> [Exercise goal]: The output should match, line for line, the records from the line containing "DRIFIRE FR Hi-Vis" through the line containing "Pote De Mantimentos", with every picture left out.

********************

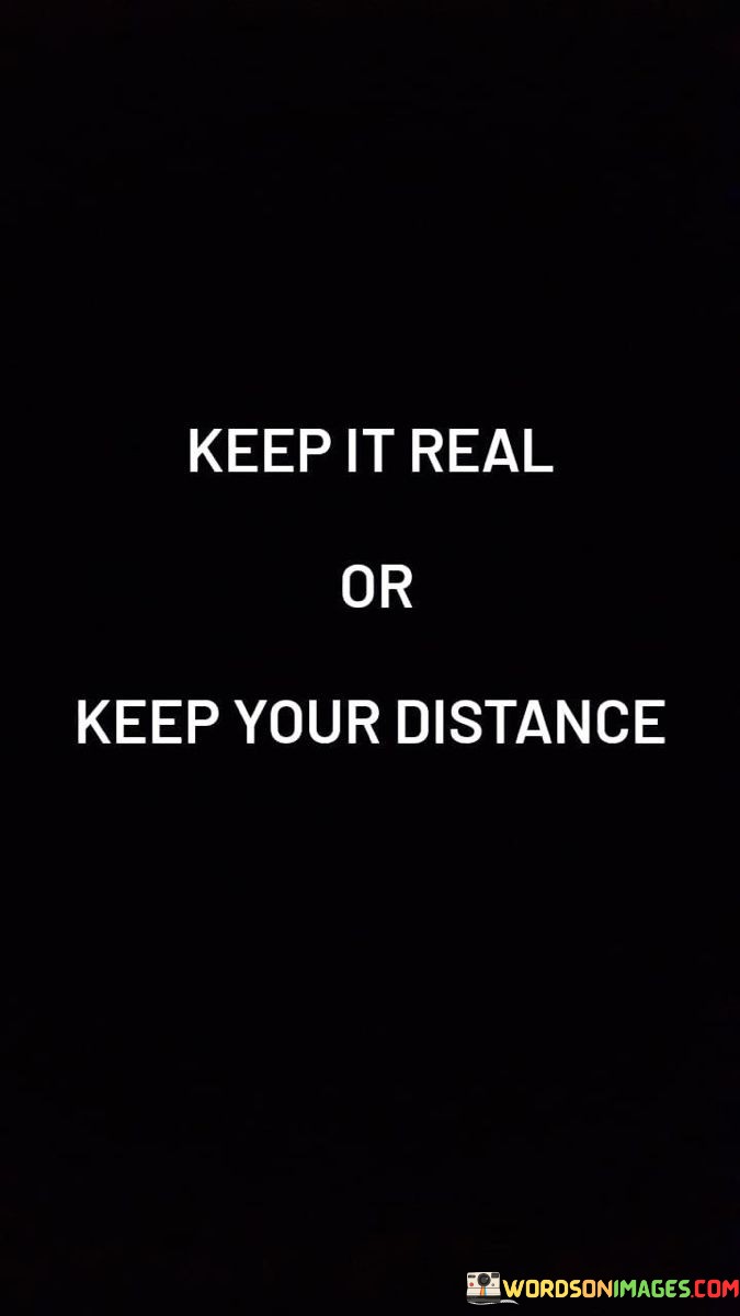 In summary, "Keep It Real Or Keep Your Distance" is a reminder to be authentic and truthful in your relationships. It's a way of saying that honesty and genuineness are crucial for building meaningful connections with others. If someone isn't being real with you, or if you feel that being yourself is not accepted, it's okay to maintain some distance to protect your own well-being and integrity.
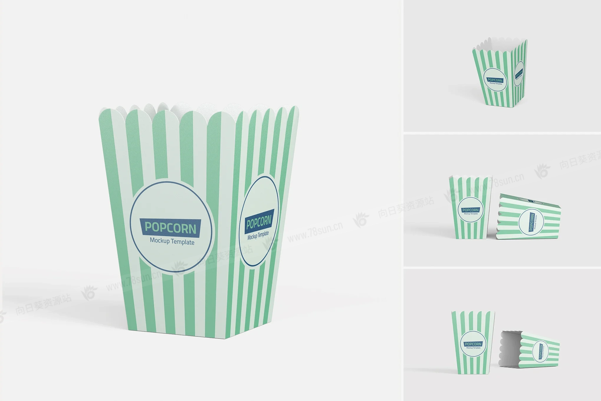 爆米花篮小吃包装纸盒品牌VI效果图展示智能贴图psd设计样机!只需用Photoshop的智能对象一键放置你的设计即可。模型是全层叠的,可以自定义,所以你可以做任何修改。每个元素都是一个层。你可以更改/移除背景,可以更改任何颜色(背景、任何书籍部分……)、调整或移除阴影和反射,任何改动都可以!
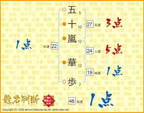 五(5画)十(10画)嵐(12画) 華(12画)歩(7画)
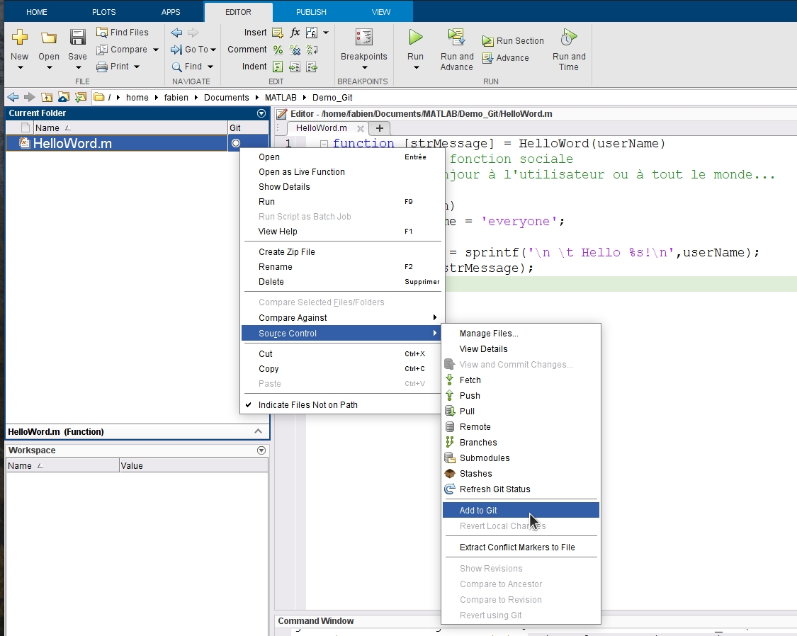 utiliser git avec MATLAB
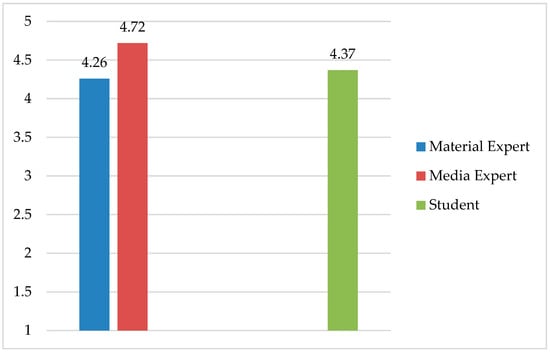 Figure 2 shows that the average overall assessment score for the learning material/content aspect by five material experts is 4.26, the media aspect by five media experts is 4.72, and the average assessment score of 162 students in the product trial is 4.37. These figures, according to the table used in converting quantitative to qualitative data on a scale of 5, are in the “Very Good” category and this means the material and media aspects of the product developed are feasible to be applied in learning activities.
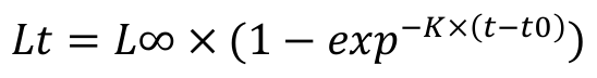 The growth parameters of the Von Bertalanffy (1938) curve were estimated to complete (Equation 1):
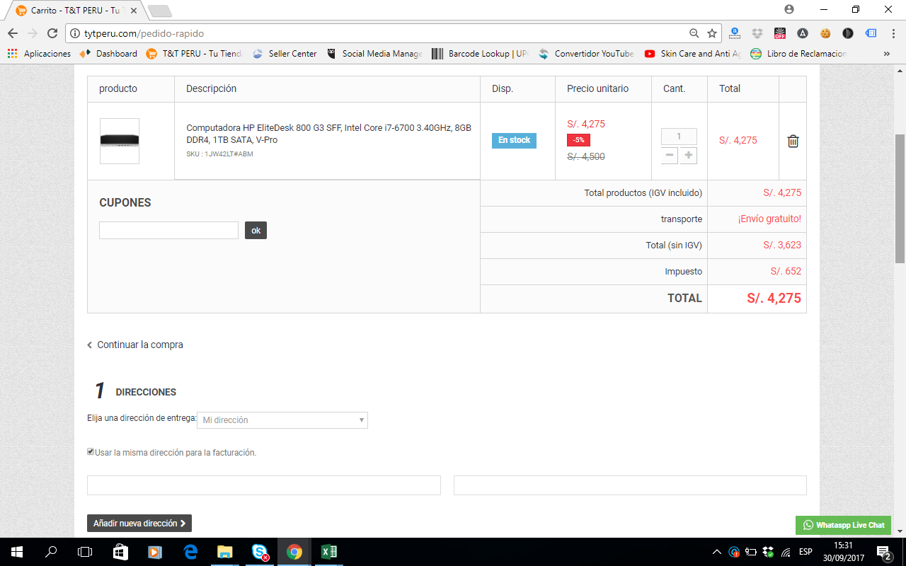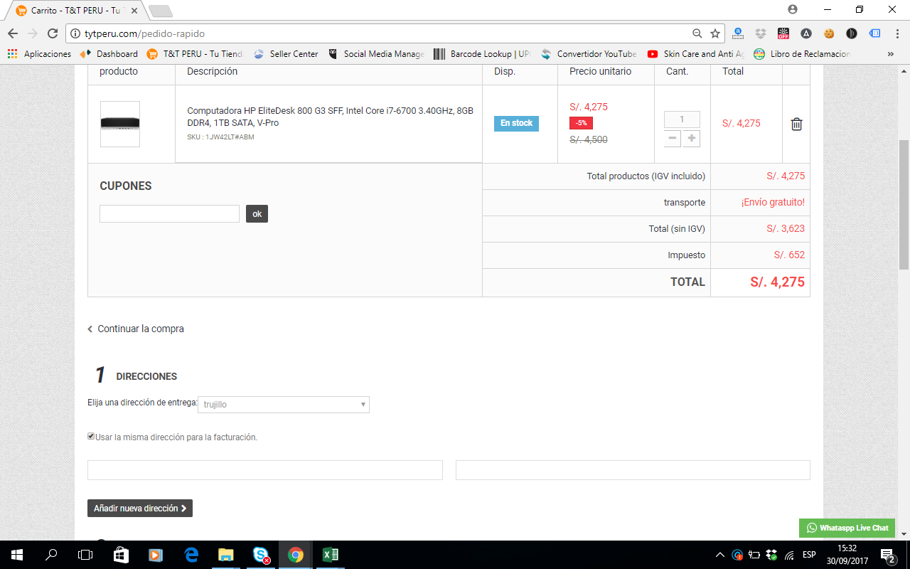 En imagen 2 pueden ver que cambio dirección a Trujillo el cual tiene distinto transportista que es un transporte con costo pero en el carro de compras no actualiza al igual que la casilla donde deben aparecer la direcciones de entrega y facturación tampoco aparecen   Captura%20de%20pantalla%202017-09-30%201
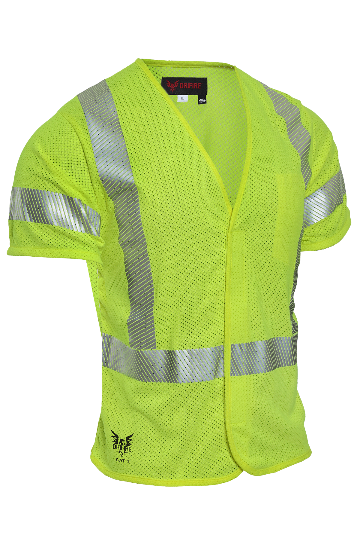 DRIFIRE FR Hi-Vis Mesh Class 3 Vest Men's FR Work Wear Inherently flame resistant, FR protection will not wash/wear out FR hook and loop front closure Inside vest front pocket FR 3M™ Scotchlite™ Reflective Comfort Trim Lightweight and breathable mesh fabric 5.8 oz. FR Mesh USA CAT 1 4.6 cal/cm² Type R Class 3 NFPA 70E CSA Z462 ASTM F1506 OSHA 1910.269
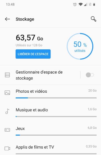 Android facilite désormais la gestion de la mémoire. Le menu « Stockage », apparu dès Android 8, permet d’avoir une vue claire et rapide de ce qui reste disponible. Terminé les mauvaises surprises à cause d’un espace saturé sans avertissement.
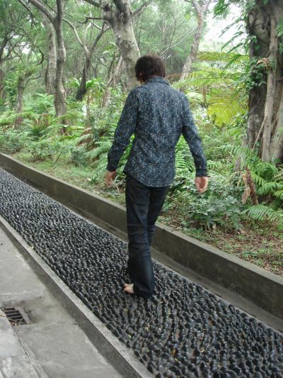 ゴツゴツした石畳の上を裸足で歩くだけなのですが・・・。 -
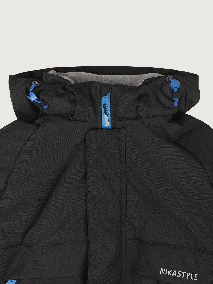 - кулиса для регулировки объема по капюшону и низу куртки,
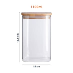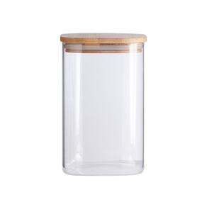 Pote De Mantimentos Quadrado Flat 1100Ml Tampa Bambu Oikos
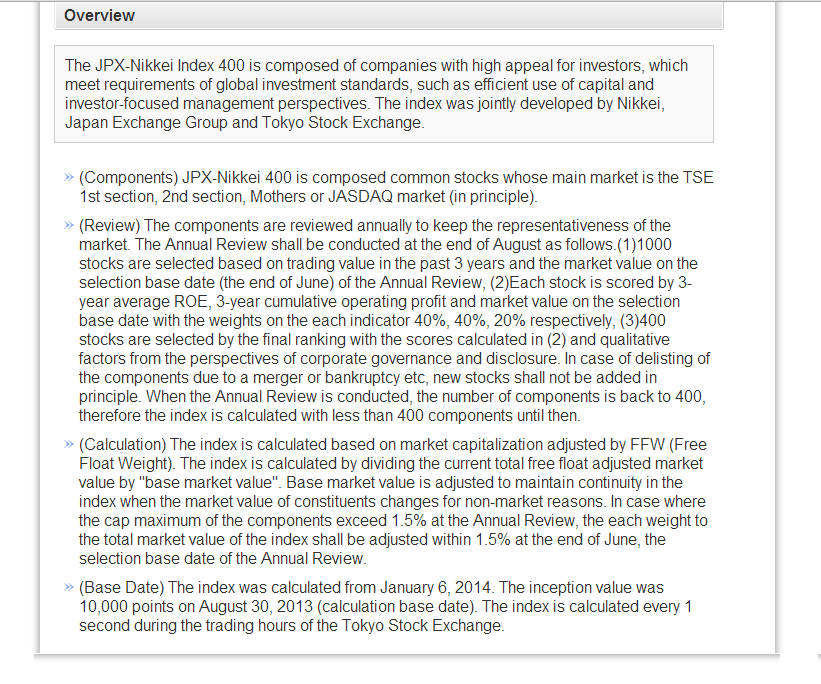 The index (which trades as the JPX-Nikkei Index 400) is limited to 400 select companies, all considered Japanese, which are weighted by market capitalization in the index, but these companies are also graded by measures of “capital efficiency” – for which Mr. Tanaka uses the return on equity (40%), three years of cumulative operating profit (40%), and the market value (20%) – and those criteria have excluded about 1/3rd of the companies in the Nikkei 225 (NKY) and, recently, dropped the Sony Corporation which failed to make the cut (Bloomberg, July 29, 2014, Sony Seen Reject From Japan Shame Index in Losing Stock Cull).
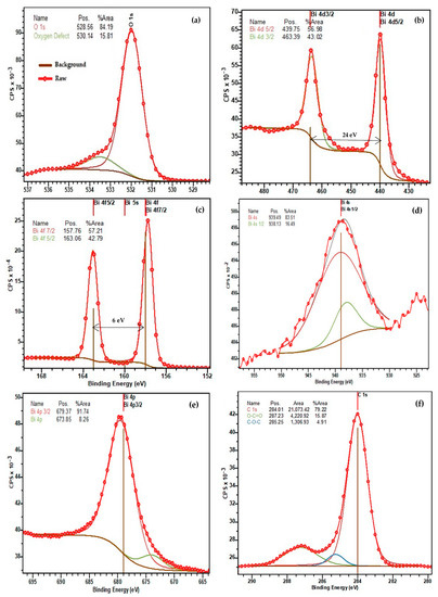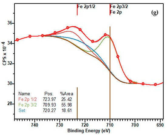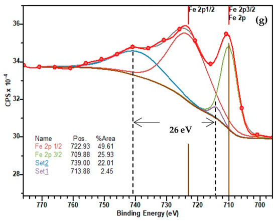 Besides C, Bi, and O elements, the XPS spectrum also indicates presence of pure Fe and Fe3+ content at 709–727 eV on the surface, which could be potentially be related to the parasitic compound of Fe3O4 oxide [23]. Fe 2p 3/2 and Fe 2p 1/2 [24] both correspond with Fe 2+ and can be observed on the spectrum (Figure 6g and Figure 7g) [25]. The satellite peaks were observed on both spectra (Figure 6g and Figure 7g). Nevertheless, the secondary satellite peak was absorbed only on one spectrum (Figure 7g). The energy difference between satellite peaks is around 26 eV. The Fe 2p spectra suggest a high degree of symmetry, but they are still asymmetric, likely due to the formation of oxygen vacancies. Changes in chemical valency of Fe+3 to Fe+2 [26] is because of these vacancies. The presence of satellite peaks is associated with Fe+3 [27], which are represented in the form of an oxide. The location of satellite peaks can be seen on both spectra. A high degree of symmetry of both peaks of Fe+2 is given by a small amount of the formation of oxygen vacancies [28]. Both the high content of Fe+3 and the low presence of oxygen vacancies would have a dramatic effect on overall magnetic properties of the overall cell unit therefore enhancing them. Energy peaks are shifted towards carbon compounds. There is little difference between the two samples, considering the presence of a Pt monolayer, which will prevent any potential diffusion into BFO layer. In addition to the Pt monolayer, titanium oxide and titanium will provide an outstanding integration of Pt and other monolayers including the Si substrate.
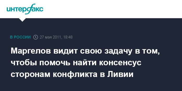 "Передо мной стоит задача встретиться с лидерами повстанцев и продолжить то, что Россия делает не первый месяц - способствовать тому, чтобы между ответственными представителями ливийской политической элиты, которые заинтересованы в том, чтобы Ливия сохранилась как единое независимое государство, играющее важную роль, как в арабском мире, так и в Африке, для того, чтобы помочь им найти пути к достижению национального консенсуса", - сообщил "Интерфаксу" по телефону Маргелов.

********************

> [Answer to this exercise]:
 DRIFIRE FR Hi-Vis Mesh Class 3 Vest Men's FR Work Wear Inherently flame resistant, FR protection will not wash/wear out FR hook and loop front closure Inside vest front pocket FR 3M™ Scotchlite™ Reflective Comfort Trim Lightweight and breathable mesh fabric 5.8 oz. FR Mesh USA CAT 1 4.6 cal/cm² Type R Class 3 NFPA 70E CSA Z462 ASTM F1506 OSHA 1910.269
 Android facilite désormais la gestion de la mémoire. Le menu « Stockage », apparu dès Android 8, permet d’avoir une vue claire et rapide de ce qui reste disponible. Terminé les mauvaises surprises à cause d’un espace saturé sans avertissement.
 ゴツゴツした石畳の上を裸足で歩くだけなのですが・・・。 -
 - кулиса для регулировки объема по капюшону и низу куртки,
 Pote De Mantimentos Quadrado Flat 1100Ml Tampa Bambu Oikos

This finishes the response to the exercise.